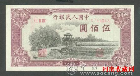 “瞻德城”是抗美援朝时期发行的货币,于1951年发行,流通时间仅为3年7个月,票面中部为赡德城图,主色为黑色,背面主色为紫色,尺寸为134×70mm。纸张无水印,但在三大珍中,“瞻德城”的暗记较多,票面左边草丛中从左到右分别有“抗”、“美”、“援”、“朝”四个字,票面右下面额上花中有一“中”字;背面中间少数民族文字中有“500”数字,少数民族文字右侧有一个“5”数字。该券的7位号码中,首位数未见4以上数字,因此行家认为当时其发行量应该未超400万枚。根据2004年行内专业人士联合统计,有正确资料或实物证明存世的“瞻德城”只有64枚。如统计未公开面世的券,则目前存世总量应难超百枚。8月14日将进行拍卖的嘉德在线第八十二期大众收藏拍卖会,近期有幸征集到的一枚“瞻德城”,将于8月14日进行拍卖。
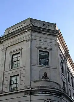 136 Gower Street was the best-known location, and housed sales and the reading library. The current Lewis Building was erected in 1930–31. The name "Lewis's" is carved at the top of the building, beneath a clock. It also displays a bronze bust of Hippocrates the "Father of Medicine" by William Aumonier Jr., based on a sculpture held at the British Museum, and presented by the chairman H.L. Jackson and his wife.[8][9] The building is now part of University College London.
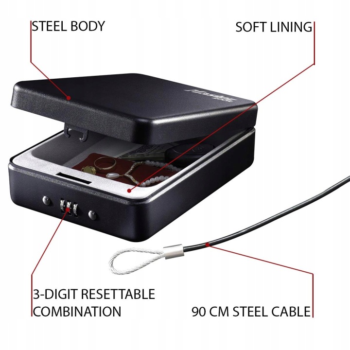у ньому є регульований 3-значний кодовий замок (1000 варіантів). Він також включає в себе вбудований сталевий трос Ø4 мм довжиною 900 мм для кріплення до фіксованої точки. Дно ящика облицьовано мʼякою піною.

- - -

▶ _Problem description_:
Would you output the data above exactly as written, but with no images?

▶ _Response box_:
 “瞻德城”是抗美援朝时期发行的货币,于1951年发行,流通时间仅为3年7个月,票面中部为赡德城图,主色为黑色,背面主色为紫色,尺寸为134×70mm。纸张无水印,但在三大珍中,“瞻德城”的暗记较多,票面左边草丛中从左到右分别有“抗”、“美”、“援”、“朝”四个字,票面右下面额上花中有一“中”字;背面中间少数民族文字中有“500”数字,少数民族文字右侧有一个“5”数字。该券的7位号码中,首位数未见4以上数字,因此行家认为当时其发行量应该未超400万枚。根据2004年行内专业人士联合统计,有正确资料或实物证明存世的“瞻德城”只有64枚。如统计未公开面世的券,则目前存世总量应难超百枚。8月14日将进行拍卖的嘉德在线第八十二期大众收藏拍卖会,近期有幸征集到的一枚“瞻德城”,将于8月14日进行拍卖。
 136 Gower Street was the best-known location, and housed sales and the reading library. The current Lewis Building was erected in 1930–31. The name "Lewis's" is carved at the top of the building, beneath a clock. It also displays a bronze bust of Hippocrates the "Father of Medicine" by William Aumonier Jr., based on a sculpture held at the British Museum, and presented by the chairman H.L. Jackson and his wife.[8][9] The building is now part of University College London.
у ньому є регульований 3-значний кодовий замок (1000 варіантів). Він також включає в себе вбудований сталевий трос Ø4 мм довжиною 900 мм для кріплення до фіксованої точки. Дно ящика облицьовано мʼякою піною.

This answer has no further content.